As Mike writes in his provocative linkedin article “RIP Agile Coach – Why The “Agile Coach” Needs To Go Away”, we can dream of a world where operational coaching is no longer needed… But we are not there yet. Not by a long shot. Also, (SPOILER ALERT) the author states that Agile Coaching on the executive and other management levels are still sorely needed. So yeah, please go away Agile Coach and leave us be in our (fr)agile improvement theatres. Side note: the need and market for management coaching is reflected in a growing interest in PAL-E and other leadership courses at Prowareness & Scrum.org among others as well as the GRIP framework.
For now, many companies, mostly large ones, are still ramping up on Scrum or other agile initiatives (does Kanban count?). So there are a lot of new Scrum Teams and starting Scrum Masters that can benefit from coaching.
Two additional thoughts on that for Coaches, SM’s and clients alike
1. The coach should be coaching on two levels when working with Scrum Teams: direct, to get the team started and help them grow into their Scrum use swiftly AND indirect by coaching the SM to coach/teach/facilitate the rest of the team.
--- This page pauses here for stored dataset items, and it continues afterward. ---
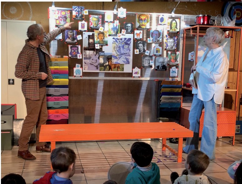
Tableau d'enquête à la fin de la représentation jeune public. Représentation du 12 février 2026 École maternelle libre de Charneux, Belgique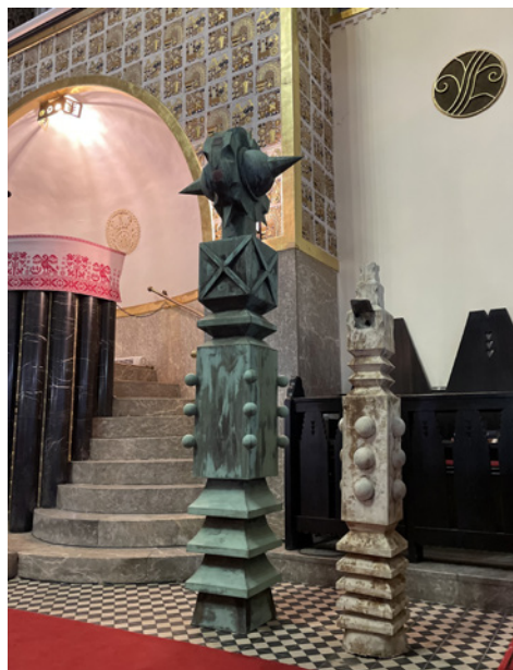
A csúcspdíz, amely felújításra vár; most közelről is megnézhetjük

...de ha másra is nyitott szemmel és szívvel nézünk körül, láthatjuk, érzékelhetjük ezt másként is: olyan munkálatok folyhatnak most, amik már régóta szükségesek, s amelyek által korszerűbbé és szebbé válik a lelki otthonunk. Olyan kivitelezésbe foghattunk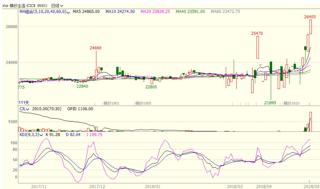
图 3、棉纱主力合约价格走势图

本周棉纱上涨,至周五涨 1920 至 25560,涨幅为 8.12%,中国纱线价格指数 C32S 为 23350 元/吨,与上周相比上涨 190 元/吨。本周棉花上涨带动棉纱市场回温,近期下游纺企利润普遍好去往年,纱线需求较好,库存低位,支撑棉纱价格。从技术面来看,本周棉纱上涨,MACD 红柱扩大,KDJ 向上,预计短期棉纱价格可能仍呈震荡偏强走势。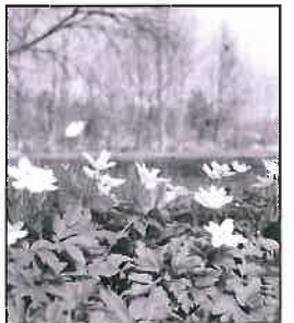
Nemocné stromy budou pokáceny, přibude 309 listnatých a 3 681 keří a trvalek.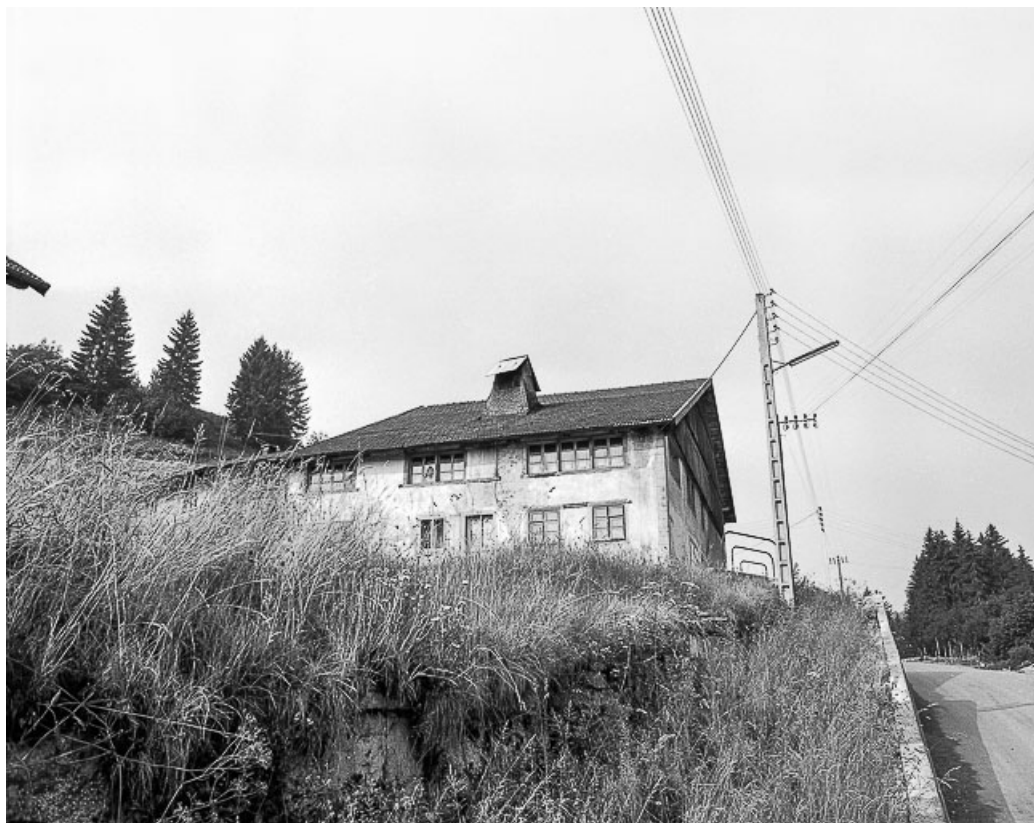
Ferme située 3 rue du Moulin : façades antérieure et latérale gauche 25, Les Gras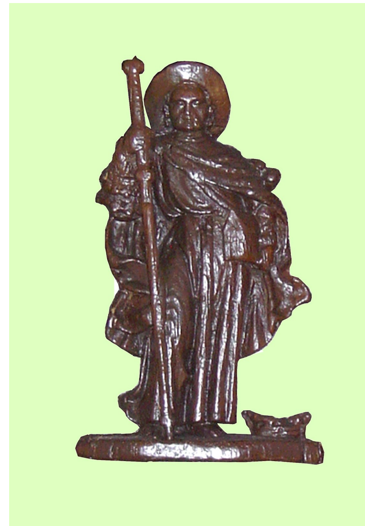
SCULPTURE FIGURANT SUR L'ANCIENNE CHASSE DE SAINT-JOSSE (1640) AIRON-NOTRE_DAME

NEUVAIN DE SAINT-JOSSE SUR MER Du 23 au 31 mai 2021

Thus making sure that the SM also learns the coach part of the role and the Agile Coach can move on.
2. The Scrum Master should be able to embrace & apply a continuous improvement & continuous learning mindset for both themselves, their Scrum Team as well as their organisation. At least have the urge & will to. And have some grit & persistence to keep going!
What do YOU think? Agile Coaches should die in a fire, or can they be useful? I would love some examples of helpful vs damaging behaviour you experienced from Agile Coaches.